Romney junior could not have migrated further from those ideals.

He is both politically and morally ambivalent. His fortune was made not in building manufacturing, but in downsizing, outsourcing, and otherwise destroying it. He has evaded transparency by only making public one year’s worth of tax information, and then only begrudgingly. He has hidden his fortune from public view and, indeed, from the view of the tax authorities. He has employed every dodge available to him. I am sure those dodges are legal. I know they are not moral.

The most revealing aspect of Romney junior’s attitude towards finance is the astonishing IRA account he has. For those of you who are unaware of what an IRA is let me explain: IRA in this context stands for Individual Retirement Account. Such accounts are designed to allow taxpayers to save a modest retirement next egg by setting aside a small tax free amount each year. So the amount going into a person’s IRA reduces their taxable income. The money only becomes taxable when the person withdraws it later in life. The notion being that a retiree generally has a lower average tax rate than a fully employed worker so there is a tax incentive to save in an IRA. Here’s the main point: the legislation took into account that setting up tax sheltering accounts could be a big break for the wealthy and since the target for IRAs were lower income earners who might otherwise find it hard to save for retirement it put a cap on them. There is an annual cap on how much income can be sheltered.
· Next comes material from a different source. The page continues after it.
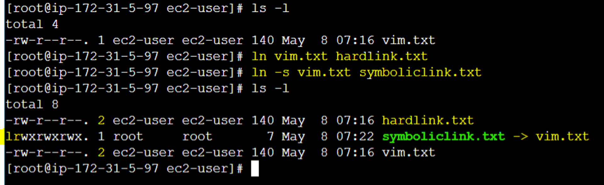 - 하드링크는 원본 파일을 복사하는 것과 유사한 작동, 다만, 한쪽을 수정하게 되면, 다른 쪽도 함께 수정된다. 원본 파일을 삭제하는 경우, 하드링크는 inode를 통하여 원본파일이 저장된 주소로 데이터를 찾아내어 원본파일이 지원지지 않고 유지된다.

Because of this IRA’s are viewed as a middle class product.

Romney has an IRA account. Fair enough. He’s entitled to one. But it has around $100 million in it. Or, rather, it is so hard to tell exactly what he has in it that its valuation varies between $20 and $101 million. That’s a lot of years at the current rate of a maximum $5,000, (or $6,000 if you’re older than 50 at the time you save the money). It is many lifetime’s worth of savings at $5,000 a year. Many, many lifetime’s. A quick look at the tax code tells me that excess contributions to your IRA account are subject to a 6% tax per year as long as the excess remains in the account.

So how come Romney has such a large IRA account? Is he dutifully forking over 6% of the excess each year? Or has he exploited some loophole to park a ton of income in a shelter designed for the middle class? What do you think?

The upshot is this: no matter how legal everything Romney is doing and has done, and I imagine it stays within the law by a hair, he can make no claim to being a morally upright citizen. He is the poster child for his generation. They found ways of making fortunes by trashing the economy, by exploiting loopholes, by treading close to the edge of the law, and by employing clever financial gimmicks. along the way the undermined the economy’s ability to sustain sufficient growth such that everyone was lifted equally. They both created and encouraged greater and greater inequality. They syphoned off capital for themselves rather than put it to work building anything. They focused on the short term not the long term. They worked hard to capture entire sections of the economy for their own use.

And they see nothing wrong with this. Nothing.

To people such as Romney the economy is all fair game. Everything that can be bought and sold is either bought or sold. Nothing is beyond the marketplace. Non-financial values are subordinated to finance or set aside as reflections of a bygone, less efficient, era. The economy has become a great big playpen in which these privileged children can frolic and amass great wealth without actually advancing it at all. They have become the elite of an unproductive generation. Unproductive because its elite focused on acquiring wealth by extracting it from the existing business rather than by creating new business. Getting rich is a goal in itself, not a by-product of invention, innovation, flair, risk taking, or contributing to society as a whole. These are the new rich. They are the true entitlement mill stone around the economy’s neck. They are a burden on the rest of us. They don’t contribute much. But they sure as hell extract a lot.

Oh. And by the way: Romney has a variety of other “offshore” accounts. One or two in the Cayman Islands. All legitimate I imagine. After all once you’ve become used to offshoring jobs to get wealthy, why not just keep on offshoring? You may as well offshore the wealth too. It helps cut your tax bill. And we all know that paying taxes is so … well … so for the little people.